#### What is required:
Below is a listing. Set down exactly the lines from the one containing "TAUSCH - Nürnberg" through the one containing "Would She Rather Bridal", both ends included, and leave out the rest.

#### Data provided:

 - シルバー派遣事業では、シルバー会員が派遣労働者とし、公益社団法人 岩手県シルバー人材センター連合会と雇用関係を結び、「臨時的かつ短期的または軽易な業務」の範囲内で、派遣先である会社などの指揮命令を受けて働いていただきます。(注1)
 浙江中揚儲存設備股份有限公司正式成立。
* * *
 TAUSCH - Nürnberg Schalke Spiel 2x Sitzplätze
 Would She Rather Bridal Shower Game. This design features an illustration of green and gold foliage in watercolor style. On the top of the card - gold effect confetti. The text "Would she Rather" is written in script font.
* * *
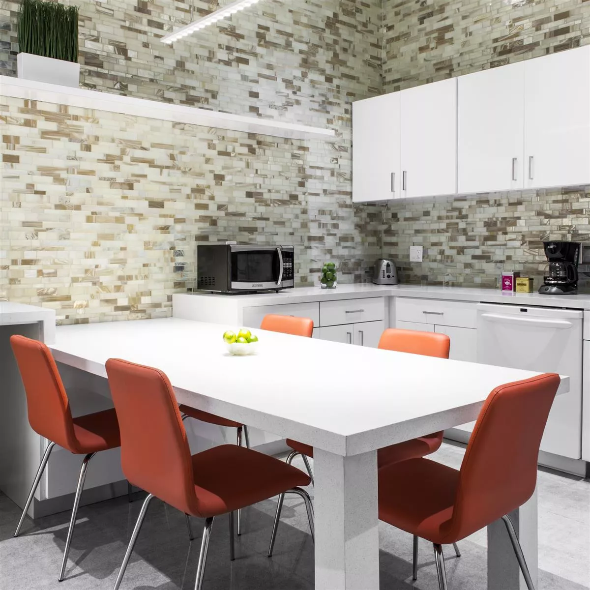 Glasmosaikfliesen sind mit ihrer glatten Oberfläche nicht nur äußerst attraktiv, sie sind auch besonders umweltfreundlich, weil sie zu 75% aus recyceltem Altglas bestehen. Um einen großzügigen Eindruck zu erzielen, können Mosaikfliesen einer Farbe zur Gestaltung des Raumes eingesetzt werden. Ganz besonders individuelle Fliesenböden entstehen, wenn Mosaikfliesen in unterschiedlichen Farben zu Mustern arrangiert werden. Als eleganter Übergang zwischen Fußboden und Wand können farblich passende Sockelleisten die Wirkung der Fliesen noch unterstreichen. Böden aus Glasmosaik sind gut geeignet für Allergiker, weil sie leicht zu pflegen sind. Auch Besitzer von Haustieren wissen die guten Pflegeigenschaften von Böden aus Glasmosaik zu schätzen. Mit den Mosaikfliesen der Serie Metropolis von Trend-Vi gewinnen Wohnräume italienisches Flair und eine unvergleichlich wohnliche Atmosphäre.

#### Exercise result:
 TAUSCH - Nürnberg Schalke Spiel 2x Sitzplätze
 Would She Rather Bridal Shower Game. This design features an illustration of green and gold foliage in watercolor style. On the top of the card - gold effect confetti. The text "Would she Rather" is written in script font.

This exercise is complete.